We never really knew where the heck he was, but if we asked to interview him, they could easily produce him.

At the same time, another individual, the head of the department of biotechnology at the University of Baghdad, also had some strange disappearance from his laboratory. This is rather ominous to me. You put a first-rate biologist together with a couple genetic engineers, you can only guess what may be the results of that. You couple that with what is rather good circumstantial evidence that Iraq was messing around with smallpox and maybe they were trying to duplicate some of the Soviet studies.

Mr. SKELTON. Dr. Kay.

Dr. KAY. Mr. Skelton, that is an extremely good question, and let me start with addressing what we destroyed because I shared with a number of other inspectors from UNSCOM and the International Atomic Energy Agency (IAEA) a considerable pride with regard to the accomplishments: the physical destruction of what was destroyed, that is, two major uranium enrichment processes using electromagnetic isotope separation and centrifuge process in which we destroyed immense numbers of buildings and materials. I remember two days, because I was worried that the Iraqis would steal the material after we left, of crushing centrifuge tubes and rings for doing that. A lot of physical facilities that then existed were destroyed.

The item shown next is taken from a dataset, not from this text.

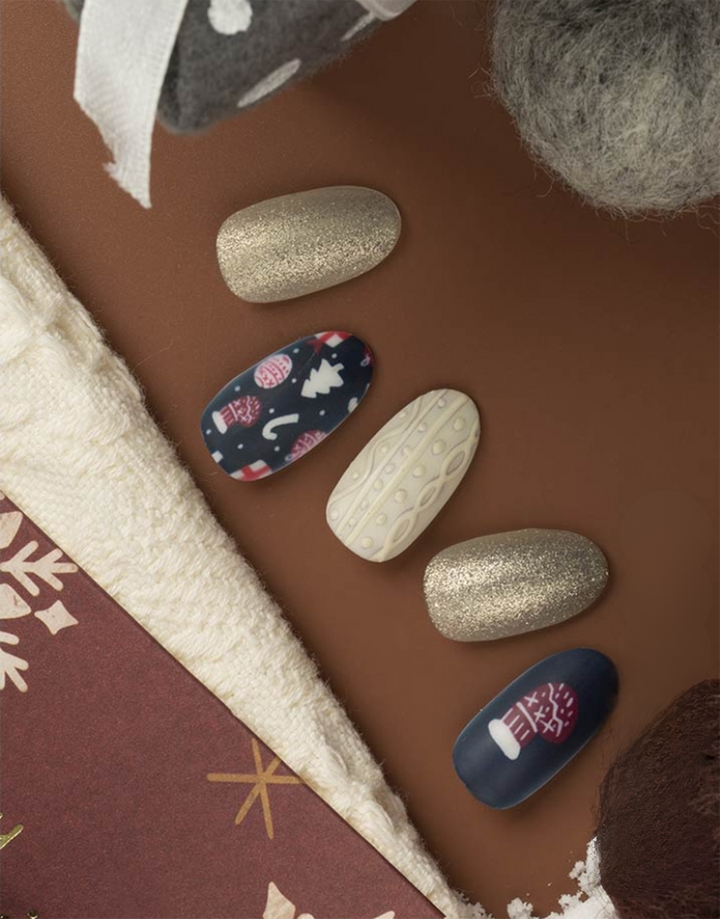 A festive nail set featuring cozy holiday elements, including a knitted sweater texture, golden shimmer, and classic Christmas icons like mittens and ornaments. A perfect blend of elegance and holiday cheer!

What we did not destroy-and, in fact, let me say we destroyed more physical facilities of the Iraqi nuclear program during the course of the inspection than were destroyed by coalition air power during the course of the war, and we destroyed many that were unknown to coalition air power during the course of the war. So, I have a great sense of accomplishment, and I share it with a lot of other people who played major roles in doing that.

But, let me tell you what we didn't do, and that is what worries me and gets to the second part of your question of why I am worried today more than I was four years ago. We didn't get the foreign suppliers. We were not able to unravel, and they refused to make available the full list of the people who had provided them the technology. We now know partly, because of what has happened in the last four years, some of those suppliers have been continuing to provide them with supplies. We managed to capture in the document for which we spent four days in a parking lot, we captured their initial weapons design, which is a workable design.